## Problem requirements
Should any entry include an image, skip the image and copy the entry exactly.

## Data provided
= = =
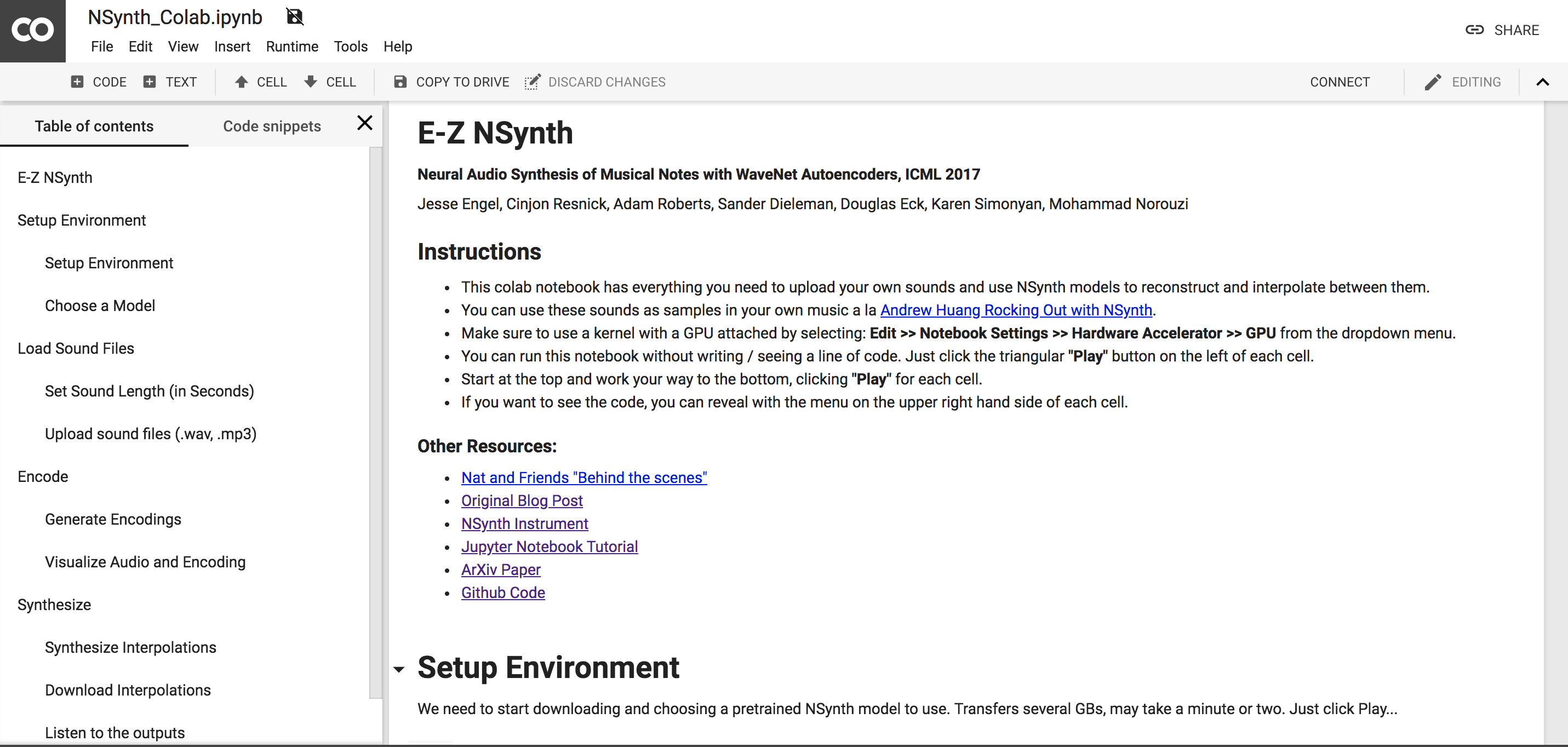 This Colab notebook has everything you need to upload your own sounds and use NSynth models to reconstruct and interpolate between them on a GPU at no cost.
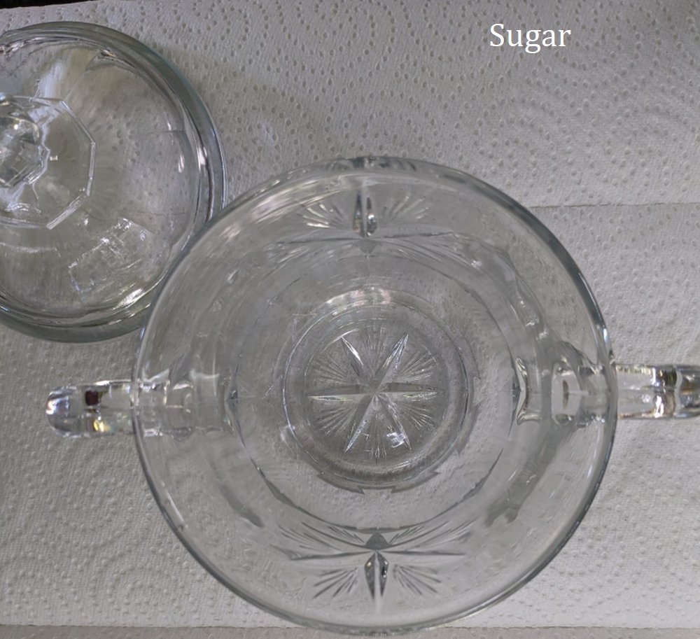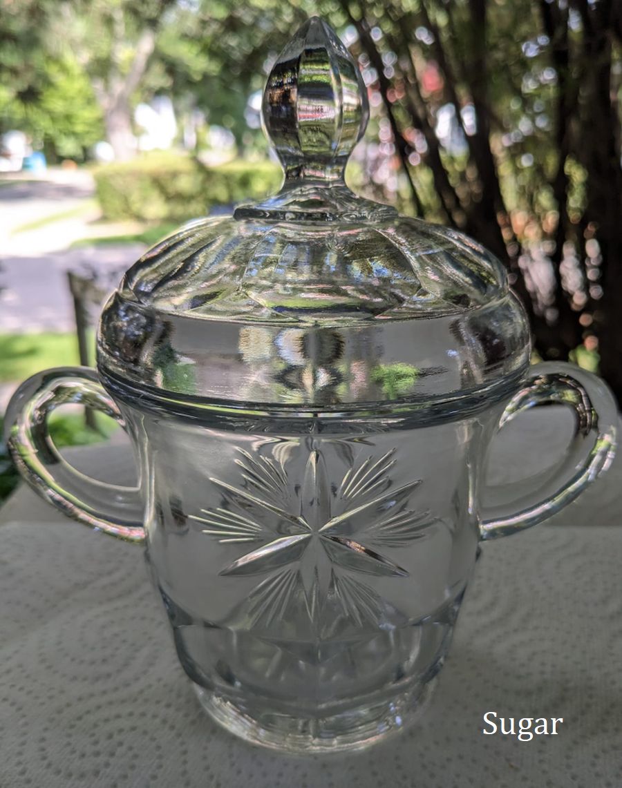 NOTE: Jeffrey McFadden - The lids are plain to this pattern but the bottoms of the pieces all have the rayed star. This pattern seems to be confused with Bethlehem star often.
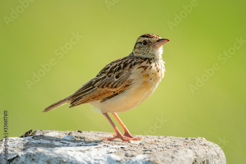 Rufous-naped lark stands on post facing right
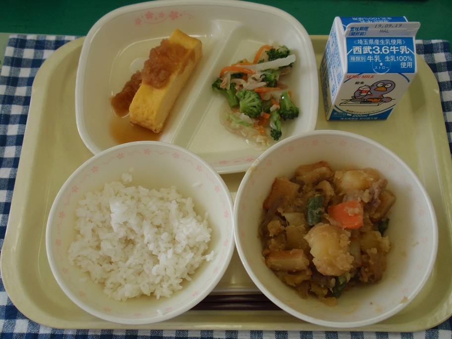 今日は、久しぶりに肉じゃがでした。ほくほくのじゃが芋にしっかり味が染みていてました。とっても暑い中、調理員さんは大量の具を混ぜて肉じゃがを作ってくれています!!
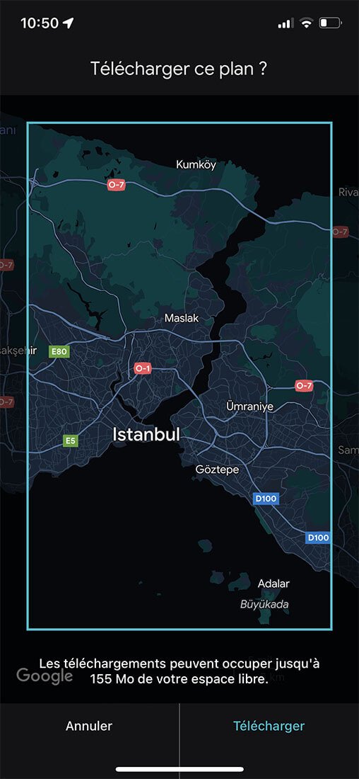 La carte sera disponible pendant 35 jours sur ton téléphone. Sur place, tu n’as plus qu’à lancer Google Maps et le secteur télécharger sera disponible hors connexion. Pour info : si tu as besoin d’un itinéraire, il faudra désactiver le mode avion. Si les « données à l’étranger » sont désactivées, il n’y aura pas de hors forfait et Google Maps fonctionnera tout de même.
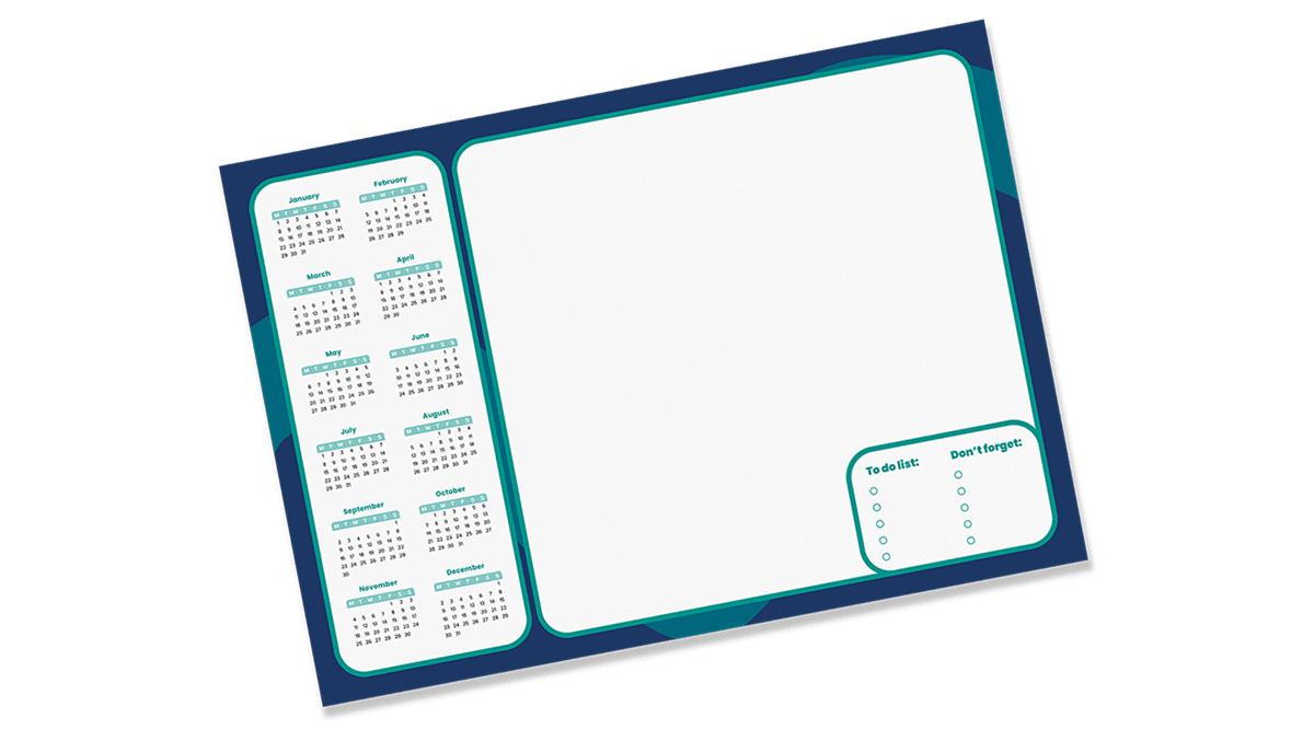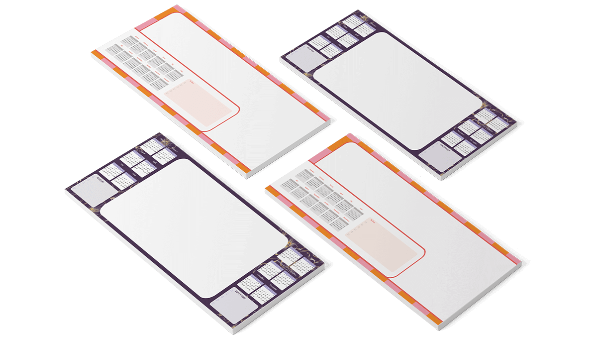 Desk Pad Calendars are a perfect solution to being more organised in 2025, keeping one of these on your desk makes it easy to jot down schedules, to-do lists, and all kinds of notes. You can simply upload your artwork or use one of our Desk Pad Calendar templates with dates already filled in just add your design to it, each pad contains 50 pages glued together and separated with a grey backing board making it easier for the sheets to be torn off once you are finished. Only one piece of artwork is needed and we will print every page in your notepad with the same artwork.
= = =
## The completed task
 This Colab notebook has everything you need to upload your own sounds and use NSynth models to reconstruct and interpolate between them on a GPU at no cost.
 NOTE: Jeffrey McFadden - The lids are plain to this pattern but the bottoms of the pieces all have the rayed star. This pattern seems to be confused with Bethlehem star often.
 Rufous-naped lark stands on post facing right
 今日は、久しぶりに肉じゃがでした。ほくほくのじゃが芋にしっかり味が染みていてました。とっても暑い中、調理員さんは大量の具を混ぜて肉じゃがを作ってくれています!!
 La carte sera disponible pendant 35 jours sur ton téléphone. Sur place, tu n’as plus qu’à lancer Google Maps et le secteur télécharger sera disponible hors connexion. Pour info : si tu as besoin d’un itinéraire, il faudra désactiver le mode avion. Si les « données à l’étranger » sont désactivées, il n’y aura pas de hors forfait et Google Maps fonctionnera tout de même.
 Desk Pad Calendars are a perfect solution to being more organised in 2025, keeping one of these on your desk makes it easy to jot down schedules, to-do lists, and all kinds of notes. You can simply upload your artwork or use one of our Desk Pad Calendar templates with dates already filled in just add your design to it, each pad contains 50 pages glued together and separated with a grey backing board making it easier for the sheets to be torn off once you are finished. Only one piece of artwork is needed and we will print every page in your notepad with the same artwork.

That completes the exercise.